Workplace bullying is a growing problem in Canada. According to a Canadian Labour national survey, 7 in 10 workers have experienced a form of harassment and violence at work. Nearly 1 in 2 workers have experienced sexual harassment and violence in the last two years. As a consequence, 88% of workers who experienced harassment and violence were “transferred, suspended, fired, or lost a shift” due to the harassment and violence. 1 in 4 who reported said that reporting made the situation worse.
What is workplace bullying?
The Canadian Centre for Occupational Health and Safety defines workplace bullying as acts or verbal comments that could psychologically or “mentally” hurt or isolate a person in the workplace. It can involve negative physical contact. Bullying usually involves repeated incidents or patterns of behaviour that are intended to intimidate, offend, degrade or humiliate a particular person or group of people.
Workplace harassment is defined in the OHSA (Ontario Health and Safety Act) as “engaging in a course of vexatious comment or conduct against a worker in a workplace that is known or ought reasonably to be known to be unwelcome” and includes workplace sexual harassment.
In other words, workplace bullying is a form of harassment that can take many different forms, from verbal abuse to sabotage. It’s important to remember that workplace bullying is not the same as occasional conflict or constructive criticism; rather, it’s a pattern of behavior that is intentional and designed to harm the victim.
Effects of Workplace Bullying
Workplace bullying can have serious consequences for both the victim and the company as a whole. Victims of workplace bullying often experience symptoms similar to post-traumatic stress disorder, including anxiety, insomnia, depression, and flashbacks. In severe cases, victims may even attempt or commit suicide.
In addition to the emotional toll it takes on victims, workplace bullying can also lead to decreased productivity, increased absenteeism, and high turnover rates. When employees feel unsafe or unhappy at work, they’re not going to be performing at their best. In fact, a study by the WBI found that 62% of targets said they lost work time due to stress, and 41% said they lost work time due to absenteeism. turnover rates were also significantly higher among targets of workplace bullying; 74% of targets who left their jobs did so because of being bullied.
How to Handle Workplace Bullying
If you are being bullied at work, there are several steps you can take to address the issue. First, document everything that is happening. Keep a record of dates, times, witnesses, and any other relevant information. This will be helpful if you decide to take formal action against your bully.
Next, try talking to your bully directly. This may not always be possible or appropriate, but if you feel comfortable doing so, it may help resolve the issue quickly and amicably. If talking to your bully doesn’t work or isn’t possible, you can also talk to your HR department or another supervisor in your company.
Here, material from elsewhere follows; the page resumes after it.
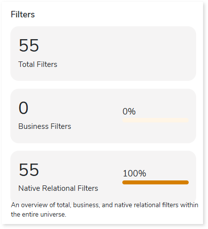 - Filters: Displays the total number of filters in each Universe.

Filing a formal complaint is usually a last resort, but it may be necessary if other methods haven’t worked. When filing a complaint, be sure to include all of the documentation you’ve gathered about the incidents in question. You should also be prepared for the possibility that filing a complaint could make the situation worse; sometimes, bullies will retaliate against their victims after a complaint has been made.
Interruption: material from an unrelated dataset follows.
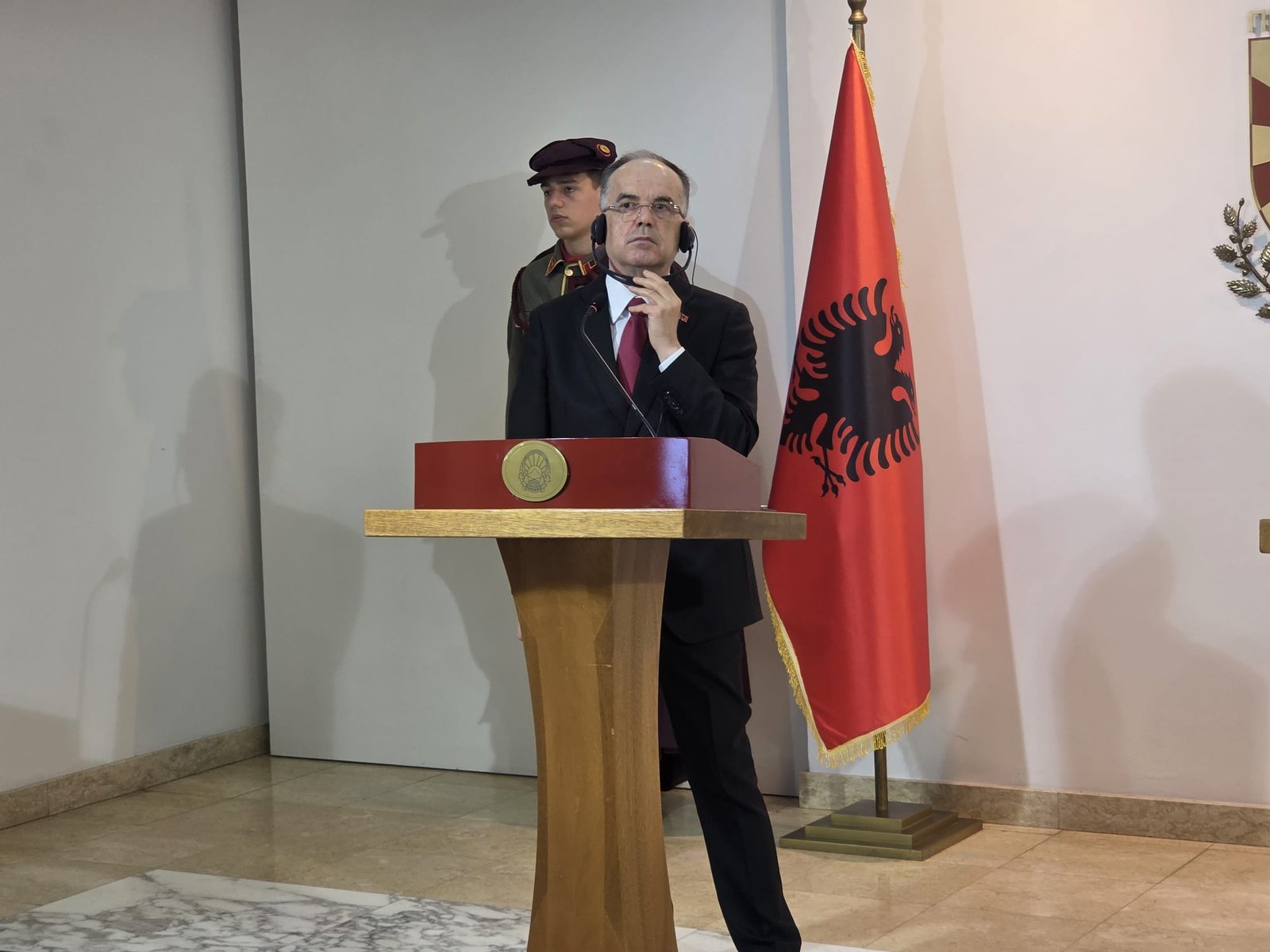Presidenti i Shqipërisë, Bajram Begaj, gjatë konferencës së përbashkët për media me presidenten e Maqedonisë së Veriut, Gordana Siljanovska-Davkova, theksoi

Workplace bullying is a serious problem that can have severe consequences for both victims and businesses alike. If you are being bullied at work, there are steps you can take to address the issue; start by documenting everything that is happening. You can also try talking to your bully directly or talk to HR if you feel comfortable doing so. Filing a formal complaint should be done as a last resort after all other options have been exhausted since there is always the possibility that things could get worse after taking this step.